Saturday, October 14, 2023


Jesse Wegman has written an opinion piece titled "The Real Danger in Robert F. Kennedy Jr.’s Independent Run." It's valuable for reminding us how terrible it would be to have a presidential election thrown into the House of Representatives, which is what happens if no candidate wins a majority of the electoral vote. Wegman writes:
In that case, the American people no longer have a say in the biggest election in the land. Instead, under the 12th Amendment, the top three electoral vote getters advance to a second round, in which the House of Representatives “shall choose immediately, by ballot, the president. But” — and rarely in the history of democracy has a “but” been asked to do so much — “in choosing the president, the votes shall be taken by states, the representation from each state having one vote.”

... The point is, it doesn’t matter which party has more members in the House as a whole; all that matters is the happenstance of which party controls more state delegations. And right now Republicans control 26 state delegations and Democrats 22.

One vote per state, with the presidency in the balance. Stop for a moment and consider the absurdity of this. North Dakota, whose single representative in Congress represents about 779,000 people, would have as much say in choosing the nation’s leader as California’s 52 House members, who together represent almost 40 million people. The two Dakotas combined (fewer than 1.7 million people, about the population of Phoenix) would wield twice as much power as Texas, with 30 million people. This is about as far from the principle of majority rule as you can get.
This almost happened in 2020. Joe Biden won the popular vote by just over 7 million votes, but if approximately 43,000 votes in Georgia, Arizona, and Wisconsin hadn't been cast for Biden, we would have had a 269-269 Electoral College tie -- and the House undoubtedly would have voted to return Donald Trump to office.

Wegman doesn't mention 2020, however. He's worried about 2024, because high-profile third-party candidates are running for president:
Most of the concern over the independent presidential campaigns of Robert F. Kennedy Jr., Cornel West and the No Labels party has focused on the risk that they could draw votes away from President Biden and throw the 2024 election to Donald Trump. That’s understandable, given what happened in 2000 and 2016.

But there is another reason to fear these candidacies, and it’s right there in the Constitution: a contingent election decided by the House of Representatives....

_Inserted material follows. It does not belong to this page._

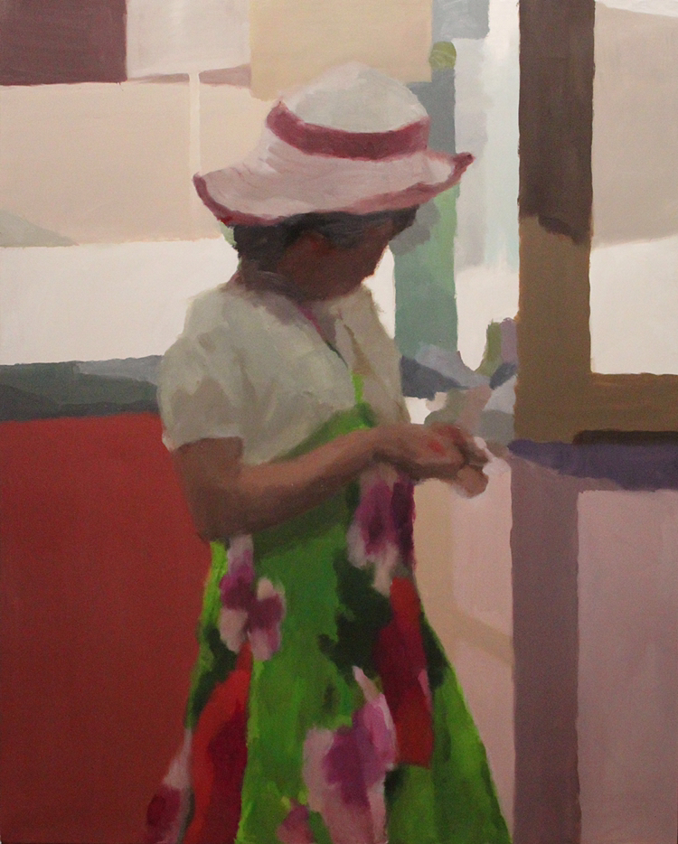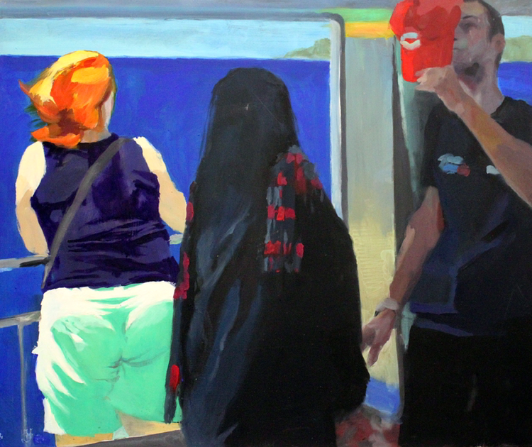 김민정 작가는 일상의 이야기를 작품 속에 담는다. 그녀의 작품은 정적인 동시에 어떠한 소리가 들리는 듯한 효과를 지닌다. 산들거리는 바람에 맞추어 배경의 나무들은 좌우로 움직이고 배 안의 사람의 두건은 바람에 맞추어 미세하게 흔들린다. 하지만 배경과 대비되게 사람들의 행위는 굉장히 정적이고 정지된 것처럼 보인다. 그들은 어떠한 것에 집중하지만 서로를 의식하지 않는, 각자의 세계에 빠진 것 마냥 보인다. 그녀의 그림을 보면 일상에 대한 감각이 느껴지는 것 같다.

... imagine that in 2024, a No Labels candidate or even Mr. Kennedy or Mr. West is able to peel off a few electors in, say, Maine or Alaska, states that pride themselves on their independent streaks. (Maine awards its electors by congressional district, making it even easier to pick one off.)

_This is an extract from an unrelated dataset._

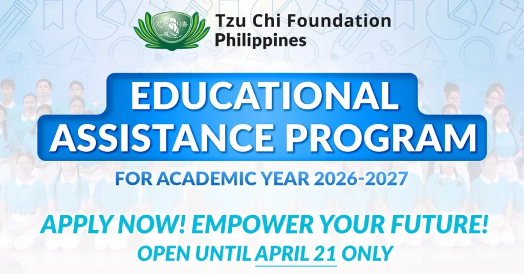 The Tzu Chi Foundation Philippines has officially opened applications for its Educational Assistance Program for Academic Year 2026–2027.

... Bottom line: It’s easy to assemble an electoral map in which no candidate reaches 270 electoral votes, sending the election to the House.
But it won't happen because of Kennedy, West, or the No Labels candidate. None of them will win electoral votes.

First, remember that no third-party candidate has won even a single electoral vote in the past 99 years, with the exception of three segregationists. Strom Thurmond won 4 states and 39 electoral votes in 1948. George Wallace won 5 states and 46 electoral votes in 1968. And while Harry Byrd wasn't on the ballot in 1960, Mississippi's 8 electors voted for him, as did 6 of Alabama's electors and 1 of Oklahoma's. John Anderson, Ross Perot, Ralph Nader, and Jill Stein never won a state.

If you think Kennedy, West, or (in all likelihood) Joe Manchin running as a No Labels candidate can win an electoral vote or two, you have to ask yourself: Where in America would one of them be popular enough to beat every other candidate? The segregationist candidates triumphed in race-obsessed Southern states. Where could Kennedy win in 2024? He's too much of a crackpot to win Massachusetts. There's nothing about Maine's northern congressional district that's ideally suited to him. So where?

You might imagine that Manchin could win West Virginia, the way Bob La Follette won his home state of Wisconsin in 1924, but remember that West Virginia loves Donald Trump (he won the state 69%-30% in 2020), while Manchin is trailing Republican governor Jim Justice by double digits in Senate polls. An incumbent who's on track to lose a Senate reelection bid is not going to win the presidential race in his state.

And remember, the third-party candidates won't just be competing with Trump and President Biden -- they'll be competing with one another. Liberals and leftists who want to vote third party will split their votes among Kennedy, West, and possibly other candidates from the Green Party and People's Party. Right-wingers, centrists, and people of no particular ideology will have Kennedy and Manchin to choose from, as well as a Libertarian (if Kennedy doesn't run on the Libertarian line).

So every electoral vote in 2024 will be won by either Biden or Trump -- although that still could leave us with a 269-269 tie and an election decided in the House. And that would be appalling.